**What needs to be done:** Leave the images out and repeat the data exactly as given.

Top of Task data

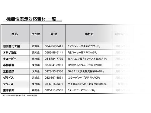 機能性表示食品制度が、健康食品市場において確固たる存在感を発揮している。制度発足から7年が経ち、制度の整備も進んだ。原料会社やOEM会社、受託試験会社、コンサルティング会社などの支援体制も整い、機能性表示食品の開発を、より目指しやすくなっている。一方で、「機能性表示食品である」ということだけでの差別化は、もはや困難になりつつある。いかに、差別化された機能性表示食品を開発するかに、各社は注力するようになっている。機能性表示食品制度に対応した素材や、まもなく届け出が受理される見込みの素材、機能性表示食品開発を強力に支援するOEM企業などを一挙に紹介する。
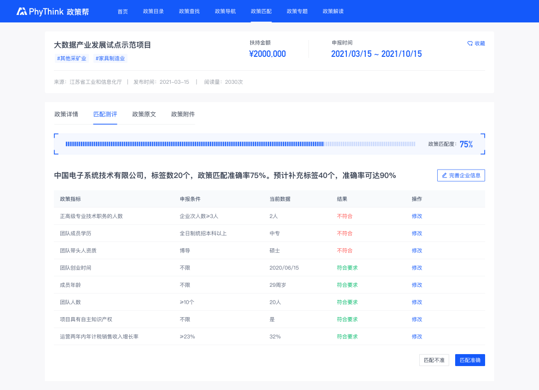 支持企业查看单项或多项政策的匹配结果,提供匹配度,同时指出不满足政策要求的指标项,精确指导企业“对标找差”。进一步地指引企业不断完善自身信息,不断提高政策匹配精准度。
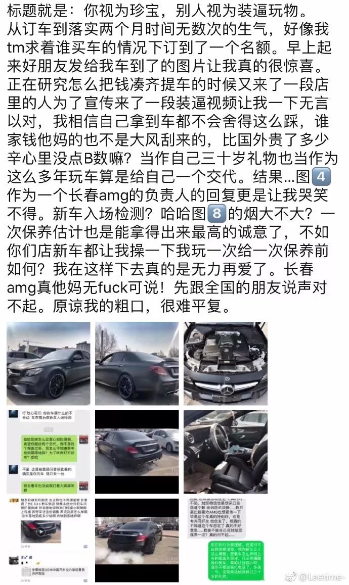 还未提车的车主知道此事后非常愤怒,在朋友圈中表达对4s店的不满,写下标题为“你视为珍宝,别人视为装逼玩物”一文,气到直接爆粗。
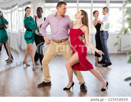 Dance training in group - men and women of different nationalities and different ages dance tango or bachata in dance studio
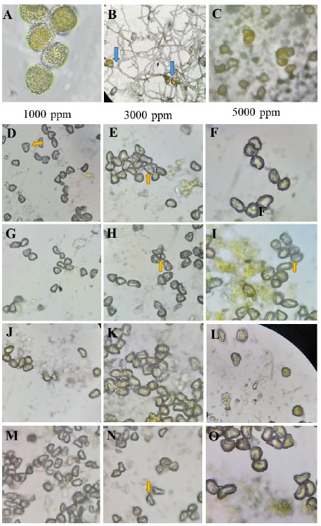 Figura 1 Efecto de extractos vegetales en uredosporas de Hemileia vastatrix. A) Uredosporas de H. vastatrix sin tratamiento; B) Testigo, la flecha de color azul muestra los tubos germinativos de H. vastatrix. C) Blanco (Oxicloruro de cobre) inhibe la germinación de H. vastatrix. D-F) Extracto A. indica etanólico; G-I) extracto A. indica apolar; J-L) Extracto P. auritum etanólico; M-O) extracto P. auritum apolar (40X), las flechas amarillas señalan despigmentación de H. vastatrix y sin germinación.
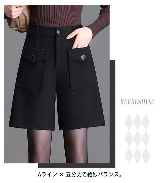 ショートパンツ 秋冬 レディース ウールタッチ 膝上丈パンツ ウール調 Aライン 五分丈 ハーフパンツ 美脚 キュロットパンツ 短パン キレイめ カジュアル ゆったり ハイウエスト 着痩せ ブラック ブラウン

Bottom of Task data

**Final answer:**
 機能性表示食品制度が、健康食品市場において確固たる存在感を発揮している。制度発足から7年が経ち、制度の整備も進んだ。原料会社やOEM会社、受託試験会社、コンサルティング会社などの支援体制も整い、機能性表示食品の開発を、より目指しやすくなっている。一方で、「機能性表示食品である」ということだけでの差別化は、もはや困難になりつつある。いかに、差別化された機能性表示食品を開発するかに、各社は注力するようになっている。機能性表示食品制度に対応した素材や、まもなく届け出が受理される見込みの素材、機能性表示食品開発を強力に支援するOEM企業などを一挙に紹介する。
 支持企业查看单项或多项政策的匹配结果,提供匹配度,同时指出不满足政策要求的指标项,精确指导企业“对标找差”。进一步地指引企业不断完善自身信息,不断提高政策匹配精准度。
 还未提车的车主知道此事后非常愤怒,在朋友圈中表达对4s店的不满,写下标题为“你视为珍宝,别人视为装逼玩物”一文,气到直接爆粗。
 Dance training in group - men and women of different nationalities and different ages dance tango or bachata in dance studio
 Figura 1 Efecto de extractos vegetales en uredosporas de Hemileia vastatrix. A) Uredosporas de H. vastatrix sin tratamiento; B) Testigo, la flecha de color azul muestra los tubos germinativos de H. vastatrix. C) Blanco (Oxicloruro de cobre) inhibe la germinación de H. vastatrix. D-F) Extracto A. indica etanólico; G-I) extracto A. indica apolar; J-L) Extracto P. auritum etanólico; M-O) extracto P. auritum apolar (40X), las flechas amarillas señalan despigmentación de H. vastatrix y sin germinación.
 ショートパンツ 秋冬 レディース ウールタッチ 膝上丈パンツ ウール調 Aライン 五分丈 ハーフパンツ 美脚 キュロットパンツ 短パン キレイめ カジュアル ゆったり ハイウエスト 着痩せ ブラック ブラウン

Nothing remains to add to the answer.